Ontem, me vi banhada em lágrimas no meio do samba na Rua Compositor Silas de Oliveira. (Quem não conhece procure saber a obra desse compositor). Me senti em casa, no meio da romântica Madureira: cada um com sua moda, gente gorda, magra, homem, mulher, gays, sapatas, travestis, trans, cabe todo mundo, água no feijão que chegou mais um. Tudo que se cantava, Luis Carlos da Vila, Nei Lopes, Beto sem braço, Almir Guineto, Dona Ivone Lara, tudo era voz de uma gente que não é ouvida, gente silenciada. Mas não ali, ali é resistência, ali está garantido o grito, a maioria negra, e ninguém torce nariz pra branco não. Fiquei pensando, se ali, no meio do samba, estivesse uma moça loirinha, de olhos azuis, com uniforme de babá e um nenezinho preto no colo, o que pensaríamos? Teríamos pena da pobre babá? Oferecíamos à ela o nosso olhar de piedade ao moldes do que sentimos com a gata borralheira? Eu pergunto, se nos sinais de trânsito do Brasil houvesse uma criancinha loirinha pedindo esmola, não comoveria mais?

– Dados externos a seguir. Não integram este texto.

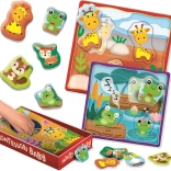 Découvrez un ensemble didactique ludique où les enfants associent les bébés à leur maman et leur papa, apprennent à connaître les animaux et leur environnement naturel tout en entraînant patience, attention et motricité fine. L’ensemble est conçu pour les plus petits – les pièces à contour simples se tiennent bien en main et s’insèrent facilement.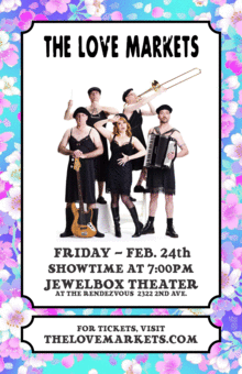 The Love Markets return to the Jewelbox! Welcome to the world of The Love Markets, where Weimar Berlin meets New Orleans and pulp heroines stalk the shadowed streets. Don't miss this night with this acclaimed cabaret band as they play songs from their albums BEAUTY FACTORY and WORLD OF YOUR DREAMS. Lift a glass to smoky tangos, carnivalesque waltzes, back-alley brass and barfly blues from your candlelit table in the Jewelbox Theater, a Seattle treasure since 1926. See you Feb 24 for great food, wondrous booze, and songs of love and revolution! "Irresistible... Intoxicating theatricality... A deliciously dark carnival." - Seattle Magazine

Enchi! Quero que arranquemos a venda que não deixa que enxerguemos a realidade cruel em que nos metemos trazendo até aqui a escravidão. Agora não passarão. Hoje Lucélia Santos não poderia ser escalada para viver a Escrava Isaura. Não passaria. Hoje estamos de olho e novela que se passava Bahia deixando o negro fora da trama principal causa estranheza antes da estreia. Não foi assim com Tieta e outras adaptações de Jorge Amado. Hoje um apresentador de TV tem que pensar três vezes antes de se revelar racista, sob risco de perder o emprego; Hoje, cada vez mais mulheres negras estão falando em literatura e na música sobre sua vida, sua história, sua sexualidade, suas peculiaridades e não só outras vozes falam por nós; por conta das políticas de inclusão dos recentes governos que antecederam ao golpe, há uma leva de intelectuais negros produzindo pensamentos, narrativas, e a sociedade tem que se preparar para tanto.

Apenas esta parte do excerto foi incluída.